* DIRECTIONS *
Write out all the entries word for word, but skip any images.

* SUPPLIED RECORDS *
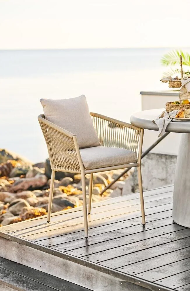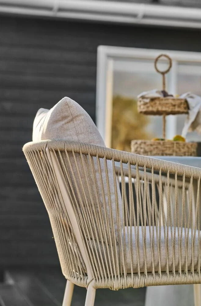 Sandfarvet spisebordsstol i aluminium inkl. sandfarvet hynde.
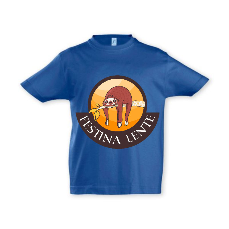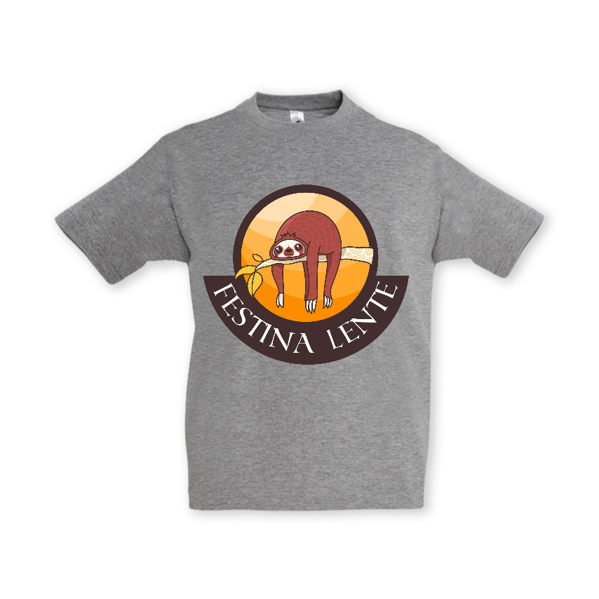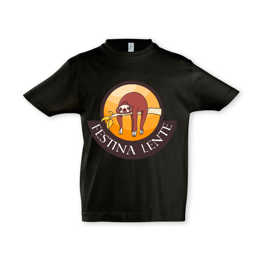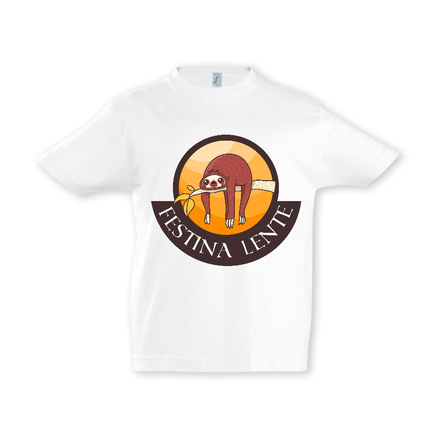 Am dedicat feritelor si baietilor pentru care graba n-a fost niciodata o prioritate un tricou copii imprimat cu expresia latina Festina Lente (Grăbește-te încet!)
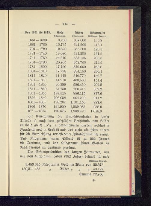Die Umrechnung der Gewichtseinheiten in dieserTabelle ist nach dem gesetzlichen Verhältnis von Silberzu Gold gleich 15^/2: 1 vorgenommen worden, welches inFrankreich noch in Kraft ist und das mehr als jedes anderefür die Vergleichuug verschiedener Zeitabschnitte sich eignet.Das Kilogramm feinen Silbers ist zu 222 Francs22 Centimes, und das Kilogramm feinen Goldes zu3444 Francs 44 Centimes gerechnet.
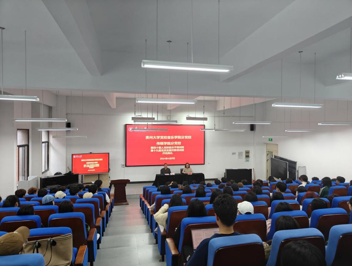2024年4月9日中午13:00,貴州大學(xué)音樂學(xué)院在韻正樓106多媒體教室舉行了“貴州大學(xué)黨校音樂學(xué)院分黨校、傳媒學(xué)院分黨校第四十期學(xué)生入黨積極分子培訓(xùn)班暨第十九期黨員發(fā)展對(duì)象培訓(xùn)班開班典禮”。音樂學(xué)院黨委副書記馬超同志、音樂學(xué)院黨委委員、副處級(jí)組織員高琛同志以及全體入黨積極分子和黨員發(fā)展對(duì)象100余人參加了開班典禮,開班典禮由音樂學(xué)院學(xué)生科輔導(dǎo)員同時(shí)也是本期培訓(xùn)班班主任先久坤同志主持。
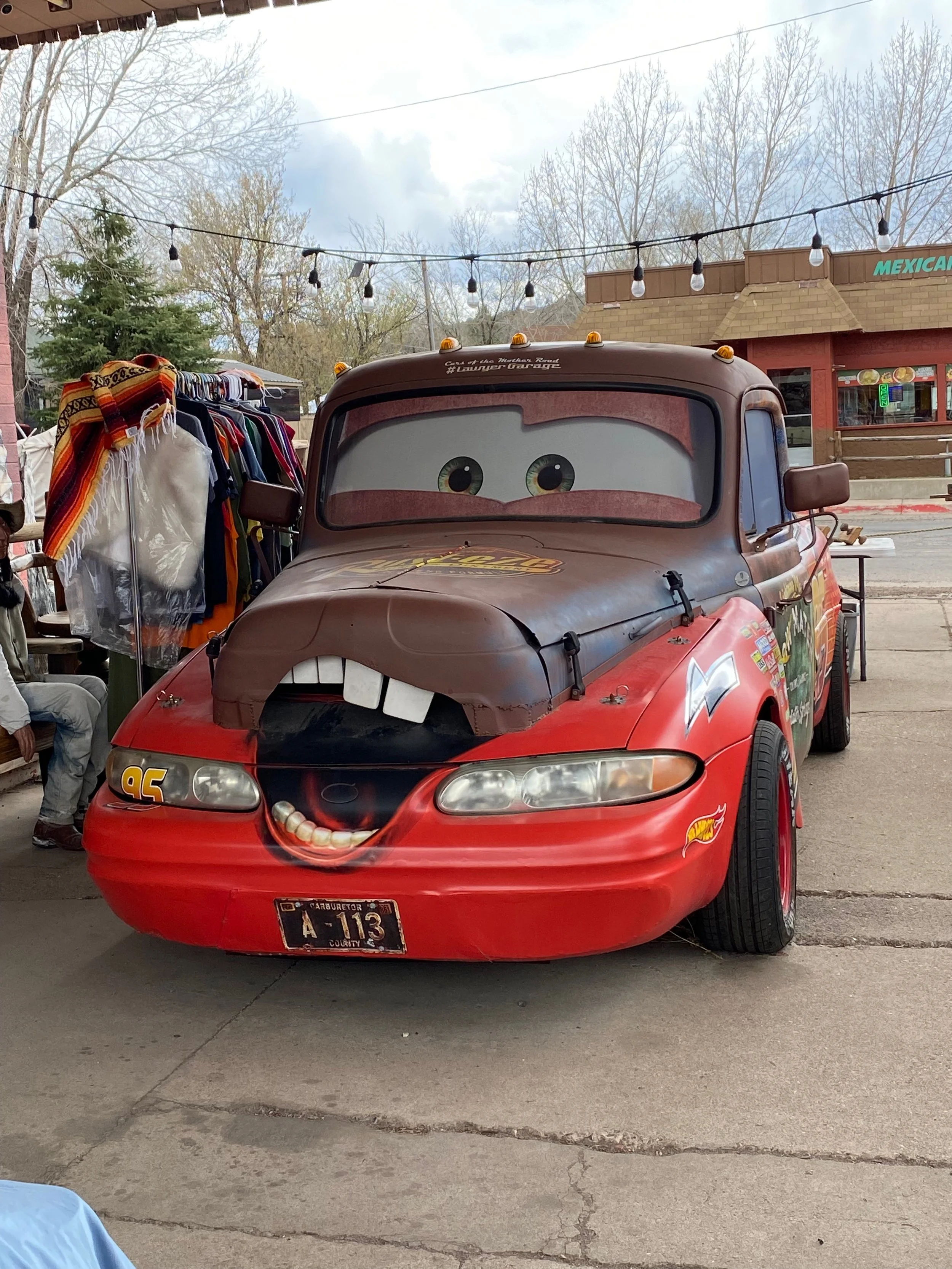 We left Winslow and were back on the road to Grant, NM. Our stop for tonight is the Junkyard on Route 66 Brewery. A Harvest Host. We arrived and got set up. Now it was time for dinner. The brewery/eatery is in a former junkyard. The inside of the building is very eclectic. The dining tables are hoods. The menu tonight is brisket sandwich and a bag of chips. Nancy had a Margarita and I had a F460 beer. It is a double hefeweizen. Very good.
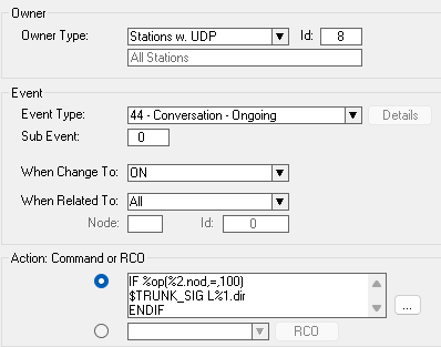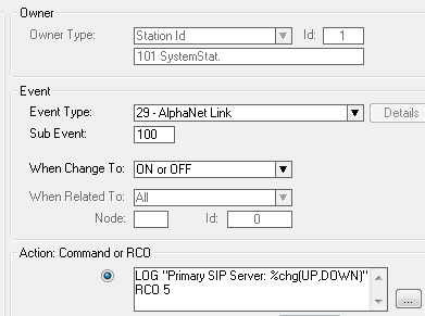 Example: The following event will report to the System Log and operate RCO 5 when the SIP Server on SIP Trunk node 100 goes up or down:

* REPLY *
 Sandfarvet spisebordsstol i aluminium inkl. sandfarvet hynde.
 Am dedicat feritelor si baietilor pentru care graba n-a fost niciodata o prioritate un tricou copii imprimat cu expresia latina Festina Lente (Grăbește-te încet!)
Die Umrechnung der Gewichtseinheiten in dieserTabelle ist nach dem gesetzlichen Verhältnis von Silberzu Gold gleich 15^/2: 1 vorgenommen worden, welches inFrankreich noch in Kraft ist und das mehr als jedes anderefür die Vergleichuug verschiedener Zeitabschnitte sich eignet.Das Kilogramm feinen Silbers ist zu 222 Francs22 Centimes, und das Kilogramm feinen Goldes zu3444 Francs 44 Centimes gerechnet.
2024年4月9日中午13:00,貴州大學(xué)音樂學(xué)院在韻正樓106多媒體教室舉行了“貴州大學(xué)黨校音樂學(xué)院分黨校、傳媒學(xué)院分黨校第四十期學(xué)生入黨積極分子培訓(xùn)班暨第十九期黨員發(fā)展對(duì)象培訓(xùn)班開班典禮”。音樂學(xué)院黨委副書記馬超同志、音樂學(xué)院黨委委員、副處級(jí)組織員高琛同志以及全體入黨積極分子和黨員發(fā)展對(duì)象100余人參加了開班典禮,開班典禮由音樂學(xué)院學(xué)生科輔導(dǎo)員同時(shí)也是本期培訓(xùn)班班主任先久坤同志主持。
 We left Winslow and were back on the road to Grant, NM. Our stop for tonight is the Junkyard on Route 66 Brewery. A Harvest Host. We arrived and got set up. Now it was time for dinner. The brewery/eatery is in a former junkyard. The inside of the building is very eclectic. The dining tables are hoods. The menu tonight is brisket sandwich and a bag of chips. Nancy had a Margarita and I had a F460 beer. It is a double hefeweizen. Very good.
 Example: The following event will report to the System Log and operate RCO 5 when the SIP Server on SIP Trunk node 100 goes up or down:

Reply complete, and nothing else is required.